Cuba, Corea del Norte y el carrito del helado

18. julio 2013 | Por | Categoria: Editorial, Opinión

El asunto no pasaría del mero chascarrillo si no estuviéramos hablando de armamento que, en las manos de un dictador imprevisible como Kim Jong–Un, podría convertirse en un factor de desestabilización para la península coreana, y por extensión, para el resto de Extremo Oriente.

Las autoridades panameñas han retenido en el Canal al barco norcoreano Chong Chon Gang después de que el régimen cubano escondiera entre las 10.000 toneladas de azúcar que la nave transportaba en sus bodegas, dos sistemas de antiaéreos Volga y Pechoga, dos aviones de combate MiG–21 desmontados y 15 motores de recambio para estas aeronaves. Material de guerra de última generación y perfectamente preparado para el combate,… si la guerra se produjera en los años sesenta del pasado siglo, claro.

Más allá del aspecto humorístico (que bien podría haber servido de base para una de las guerras “austrohúngaras” del genial y añorado Luis García Berlanga), lo cierto es que Panamá ha pillado a Cuba y a Corea del Norte con el carrito del helado, en medio de una transferencia de material militar que contraviene el embargo de armas establecido por el Consejo de Seguridad contra Corea del Norte en su Resolución 1718, de 14 de octubre de 2006.

Puede que algunos en Cuba piensen que los valores revolucionarios que emergieron en la isla contra la férrea dictadura de Batista (más o menos cuando se estaban fabricando las armas halladas en el Chong Chon Gang) están de alguna manera conectados con la férrea dictadura de Kim Jong–Un.

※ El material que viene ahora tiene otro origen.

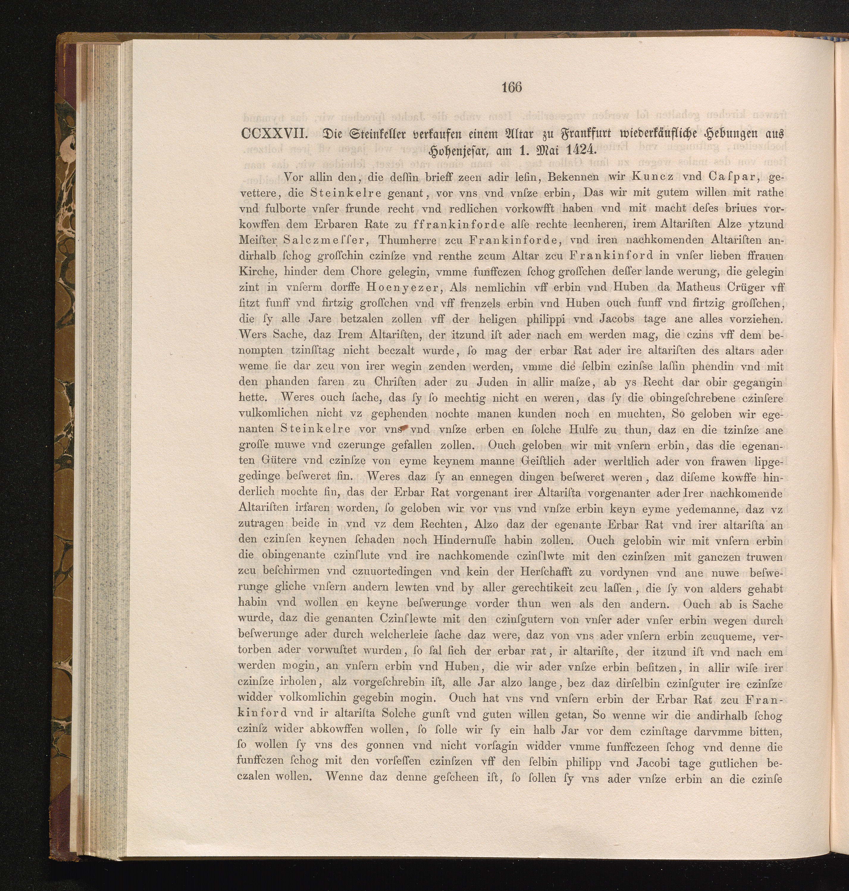 CCXXVII. Die Steinkeller verkaufen einem Altar zu Frankfurt wiederkäufliche Hebungen[...]
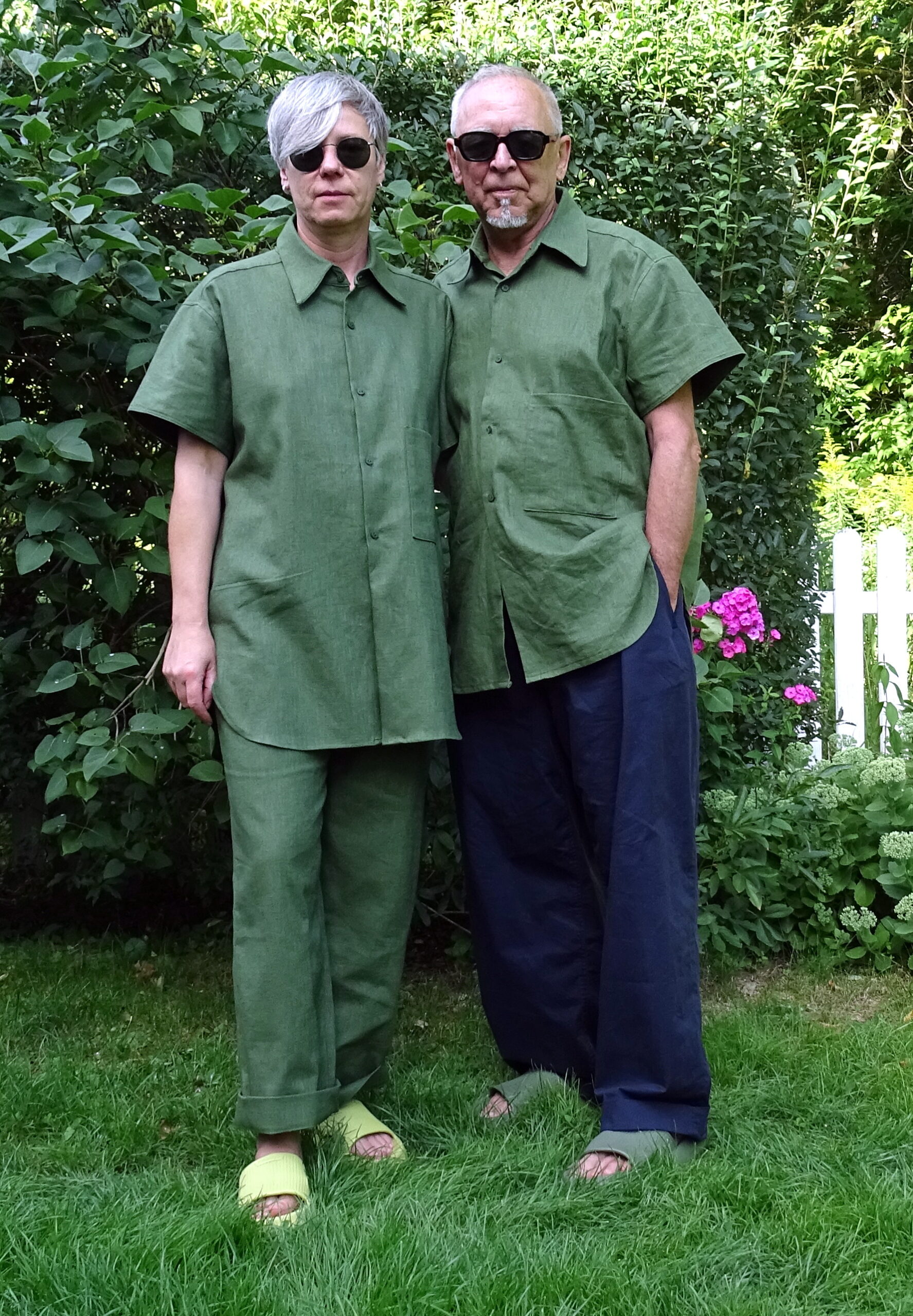 Und da der Geburtstag meines Lebensgefährten kurz vor der Tür stand, hatte ich die Idee, uns das Hemd im Partnerlook zu nähen. Ich hab auf bereits bewährte Schnitte von Ann Ringstrand zurückgegriffen. Das Hemd ist das Saint Shirt in der kurzärmeligen Variante – für den Mann in Größe L, für mich in Größe M, die Hose ist die Key Trouser.

Puede incluso que determinados dirigentes cubanos estimen que su país debe evolucionar hacia el régimen más totalitario del planeta en lugar de hacerlo hacia el nuevo bolivarianismo democrático que ha surgido en América Latina.

Sin embargo, piensen lo que piensen en La Habana, lo cierto es que el cargamento del Chong Chon Gang viola una Resolución del Consejo de Seguridad, un órgano cuyas decisiones deberían ser respetadas por todos aquellos gobiernos que pretendan evitar que Naciones Unidas caiga en el mismo descrédito en el que cayó la Sociedad de Naciones durante el periodo de Entreguerras.

Por ello, Cuba y Corea del Norte deben comparecer cuanto antes ante la comunidad internacional y afrontar las consecuencias que se deriven de su temeraria actitud.